- Brief: The result should be the listing below, restated exactly, with its pictures left out.

- Data extract:
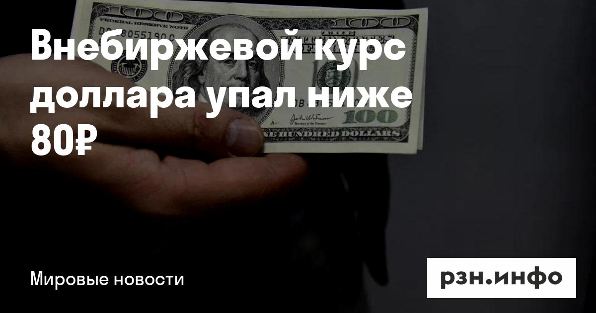 Внебиржевой курс доллара упал ниже 80₽. Об этом сообщает РИА Новости.
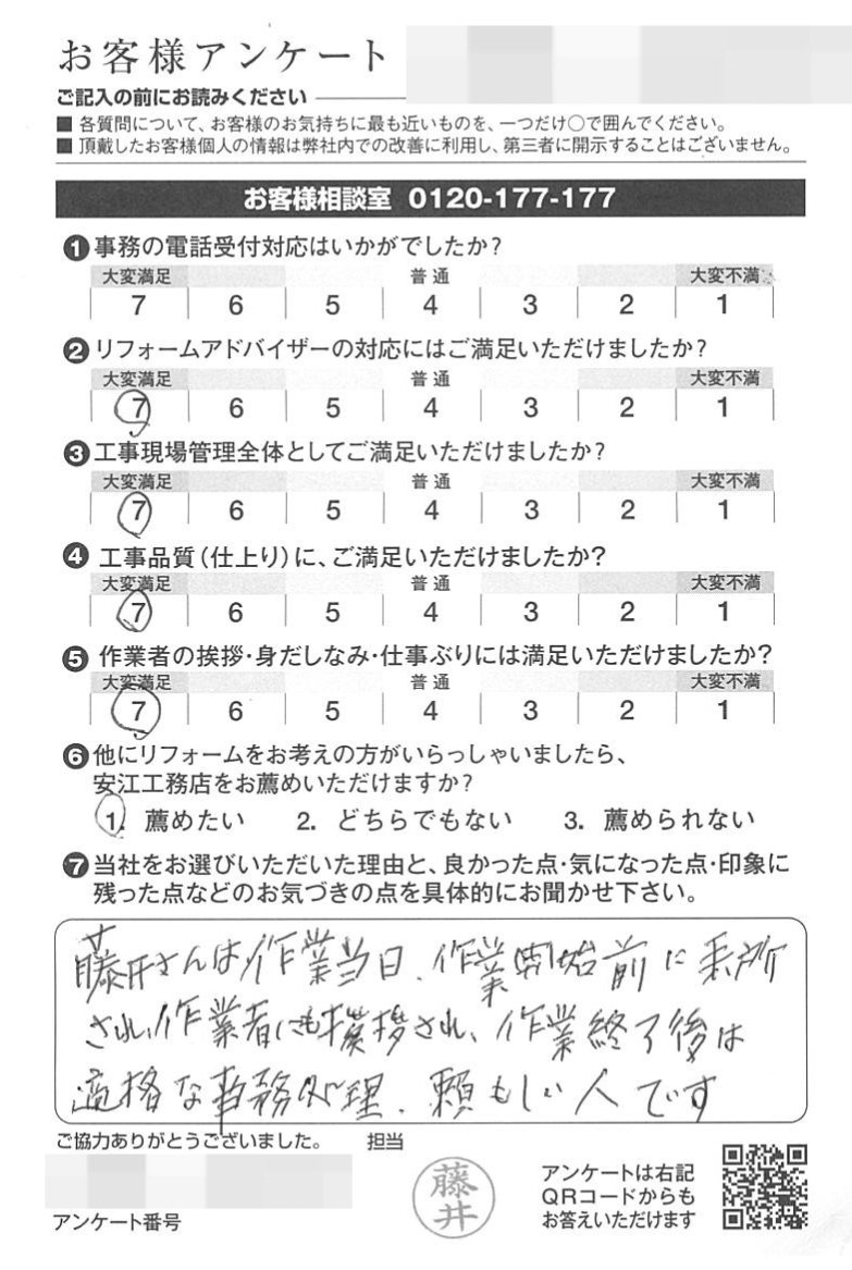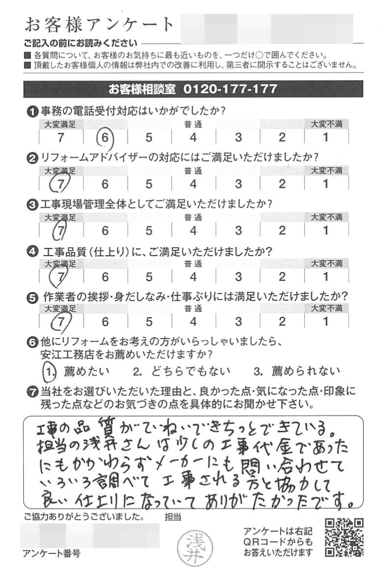 工事の品質が丁寧できちんとできている。担当の浅井さんは、少しの工事代金であったにも関わらず、メーカーにも問合せて色々調べ、工事される方と協力して良い仕上がりになっていてありがたかったです。
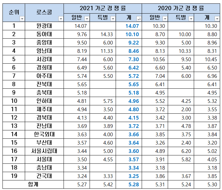 2021년 로스쿨 입시 가군 경쟁률 순위
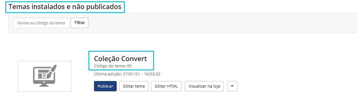 E não se preocupe, todos as personalizações e alterações que você fez no seu tema antigo ainda estarão disponíveis nessa mesma página, na parte de Temas Instalados e não publicados.

- Solution below:
 Внебиржевой курс доллара упал ниже 80₽. Об этом сообщает РИА Новости.
 工事の品質が丁寧できちんとできている。担当の浅井さんは、少しの工事代金であったにも関わらず、メーカーにも問合せて色々調べ、工事される方と協力して良い仕上がりになっていてありがたかったです。
 2021년 로스쿨 입시 가군 경쟁률 순위
 E não se preocupe, todos as personalizações e alterações que você fez no seu tema antigo ainda estarão disponíveis nessa mesma página, na parte de Temas Instalados e não publicados.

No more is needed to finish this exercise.